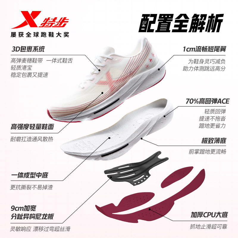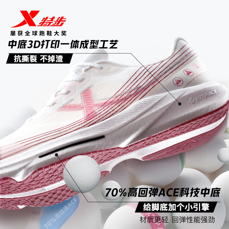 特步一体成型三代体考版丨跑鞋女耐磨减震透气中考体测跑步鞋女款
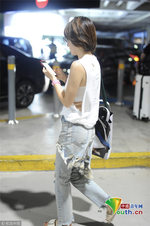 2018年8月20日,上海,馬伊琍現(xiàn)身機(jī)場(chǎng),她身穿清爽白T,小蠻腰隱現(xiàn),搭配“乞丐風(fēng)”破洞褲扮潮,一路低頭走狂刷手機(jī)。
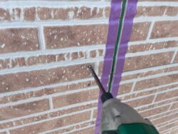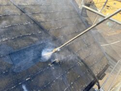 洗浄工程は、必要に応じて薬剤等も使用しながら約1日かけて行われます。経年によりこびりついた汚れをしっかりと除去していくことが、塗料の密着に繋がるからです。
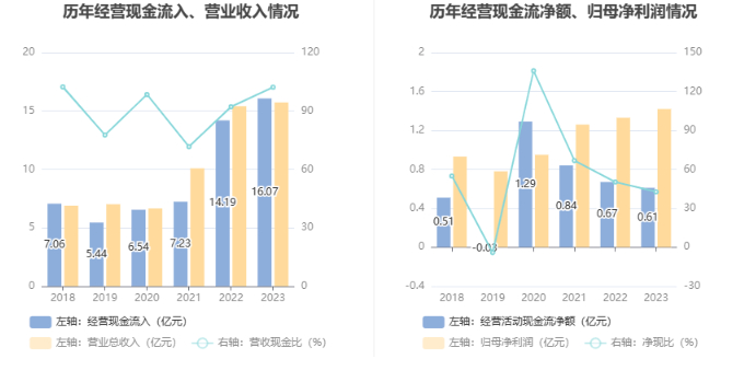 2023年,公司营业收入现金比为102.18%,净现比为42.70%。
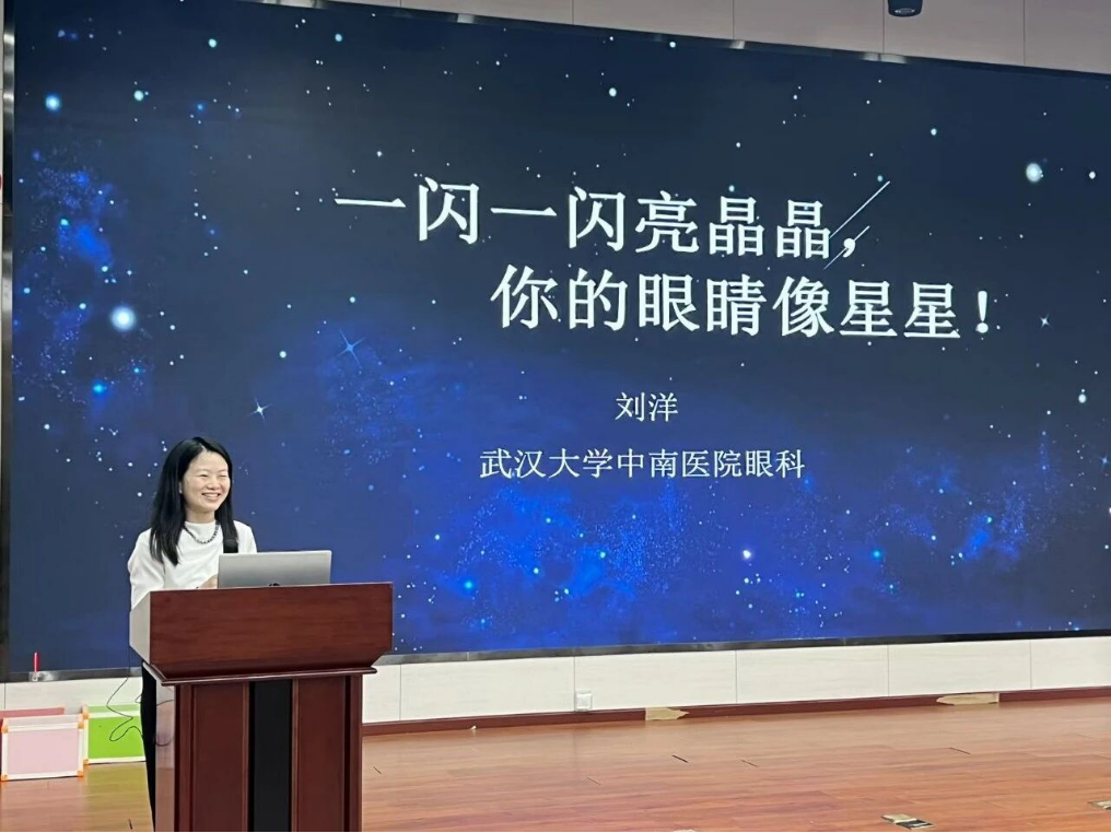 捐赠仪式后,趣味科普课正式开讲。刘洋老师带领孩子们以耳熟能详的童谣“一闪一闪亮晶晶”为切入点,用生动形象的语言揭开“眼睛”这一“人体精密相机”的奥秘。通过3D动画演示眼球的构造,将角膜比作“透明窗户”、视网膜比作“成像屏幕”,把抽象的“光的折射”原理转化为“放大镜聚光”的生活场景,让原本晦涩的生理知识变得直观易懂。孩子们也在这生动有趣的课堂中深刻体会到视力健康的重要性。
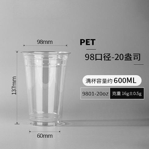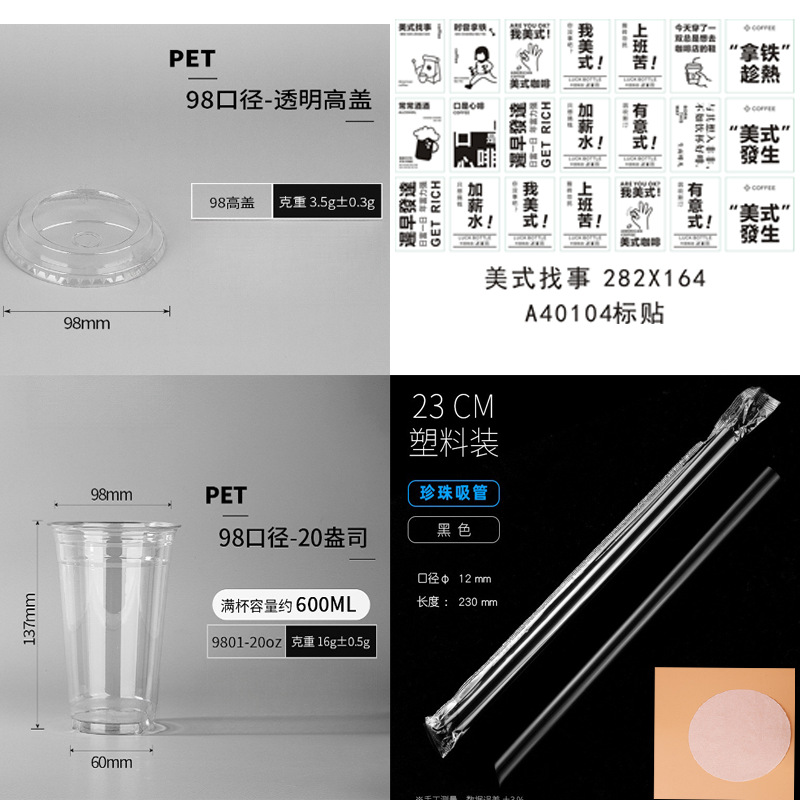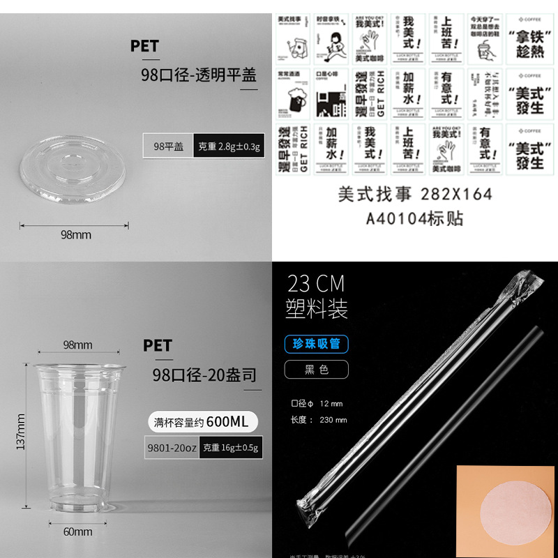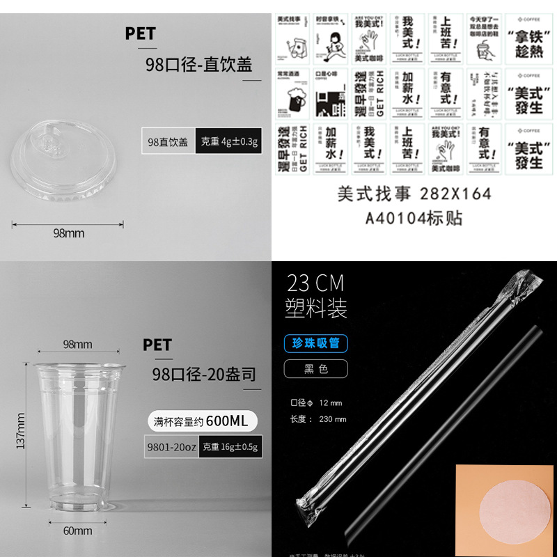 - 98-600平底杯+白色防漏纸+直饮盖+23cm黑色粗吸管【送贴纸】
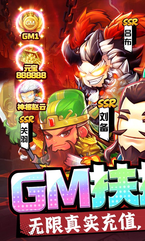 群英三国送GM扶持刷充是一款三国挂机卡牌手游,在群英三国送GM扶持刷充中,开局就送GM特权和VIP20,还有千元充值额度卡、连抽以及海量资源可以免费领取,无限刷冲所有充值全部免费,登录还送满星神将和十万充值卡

^^^^^^^^^^^^^^^^

Work to complete — Make an exact copy of the records above. Keep out every picture.

Exercise solution —
 特步一体成型三代体考版丨跑鞋女耐磨减震透气中考体测跑步鞋女款
 2018年8月20日,上海,馬伊琍現(xiàn)身機(jī)場(chǎng),她身穿清爽白T,小蠻腰隱現(xiàn),搭配“乞丐風(fēng)”破洞褲扮潮,一路低頭走狂刷手機(jī)。
 洗浄工程は、必要に応じて薬剤等も使用しながら約1日かけて行われます。経年によりこびりついた汚れをしっかりと除去していくことが、塗料の密着に繋がるからです。
 2023年,公司营业收入现金比为102.18%,净现比为42.70%。
 捐赠仪式后,趣味科普课正式开讲。刘洋老师带领孩子们以耳熟能详的童谣“一闪一闪亮晶晶”为切入点,用生动形象的语言揭开“眼睛”这一“人体精密相机”的奥秘。通过3D动画演示眼球的构造,将角膜比作“透明窗户”、视网膜比作“成像屏幕”,把抽象的“光的折射”原理转化为“放大镜聚光”的生活场景,让原本晦涩的生理知识变得直观易懂。孩子们也在这生动有趣的课堂中深刻体会到视力健康的重要性。
 - 98-600平底杯+白色防漏纸+直饮盖+23cm黑色粗吸管【送贴纸】
 群英三国送GM扶持刷充是一款三国挂机卡牌手游,在群英三国送GM扶持刷充中,开局就送GM特权和VIP20,还有千元充值额度卡、连抽以及海量资源可以免费领取,无限刷冲所有充值全部免费,登录还送满星神将和十万充值卡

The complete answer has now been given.